É dever da família, da comunidade, da sociedade em geral e do poder público assegurar, com absoluta prioridade, a efetivação dos direitos referentes à vida, à saúde, à alimentação, à educação, ao esporte, ao lazer, à profissionalização, à cultura, à dignidade, ao respeito, à liberdade e à convivência familiar e comunitária. Parágrafo único. A garantia de prioridade compreende:

b) precedência de atendimento nos serviços públicos ou de relevância pública; c) preferência na formulação e na execução das políticas sociais públicas;

d) destinação privilegiada de recursos públicos nas áreas relacionadas com a proteção à infância e à juventude.

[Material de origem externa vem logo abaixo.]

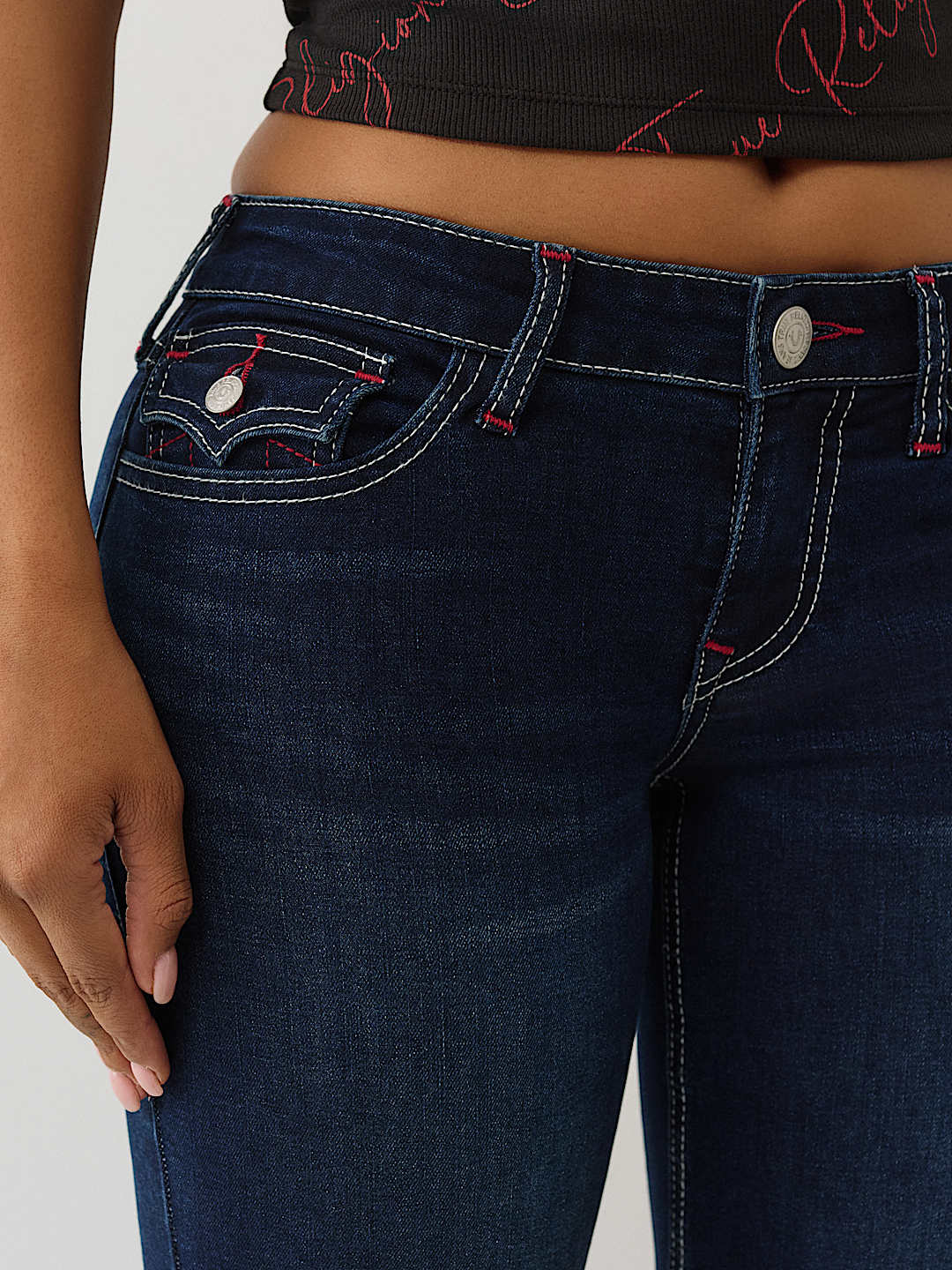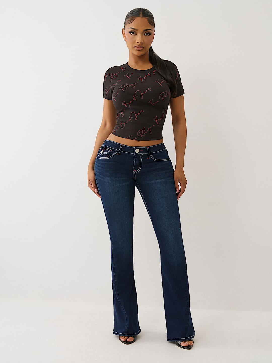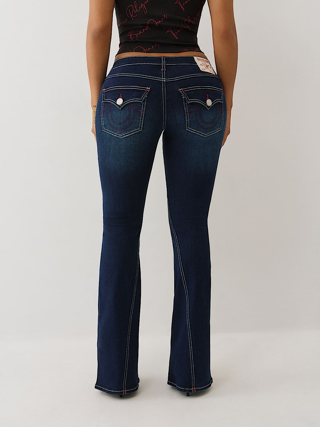 JOEY LOW RISE FLARE JEAN – Dark Mahogany Wood Wash | Designer Brand
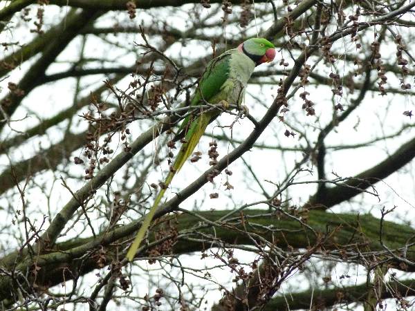 ... und hier noch die andere Sittichart aus Köln, der Große Alexandersittich, der zur Zeit nicht so häufig ist wie der Halsbandsittich.
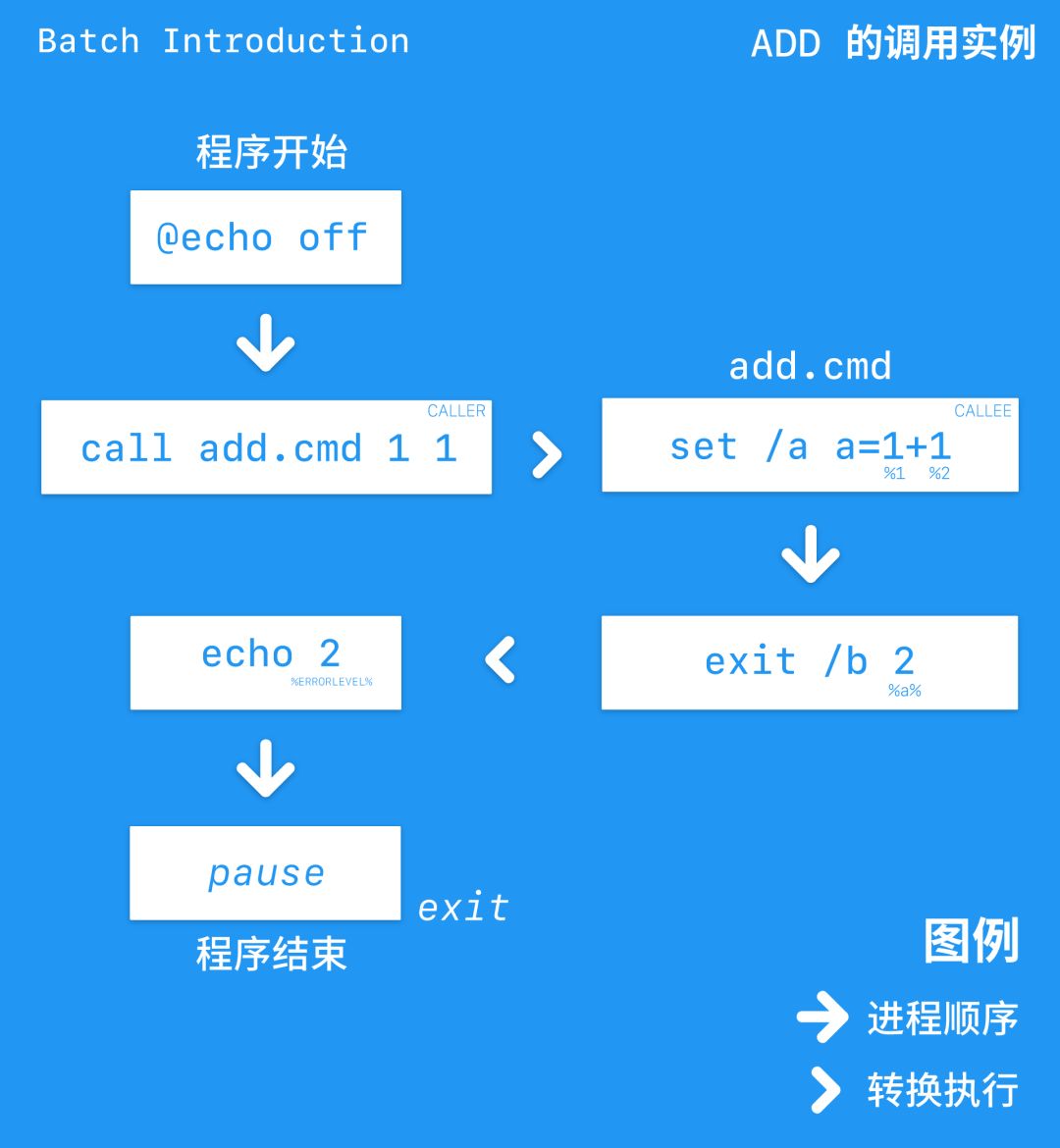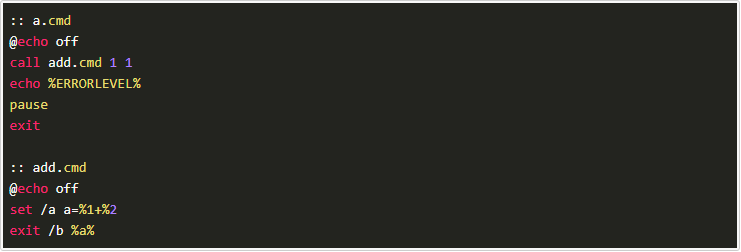 也就是说我们传递给add.cmd的两个参数1, 1经过add.cmd内的一行指令set /a a=%1+%2的操作,将它们两个加起来的值赋给了a,然后再用a当作exitCode 使用exit /b %a% 将a的值传回a.cmd的%ERRORLEVEL%里,最后a.cmd输出它的值。这就是1+1的结果。

Diante de tais premissas, vê-se que sempre os interesses da criança e do adolescente devem ser atendidos com primazia, não pode isso ser diferente nos processos judicias, muito menos se tratando de processos relacionados à adoção, que trata de assunto que visa proporcionar o direito a convivência familiar, ao direito de ter uma nova família, direito a receber e dar amor, direito relacionado diretamente ao seu sadio desenvolvimento.

Eis que urge a necessidade de intervenção, de mudanças para garantir a facilitação no processo de adoção. A morosidade judicial nos processos de adoção no Brasil se deve a vários fatores, elencados no presente trabalho, e o instituto não apresenta a eficácia esperada, mesmo com toda a evolução que já passou ao longo da história da humanidade.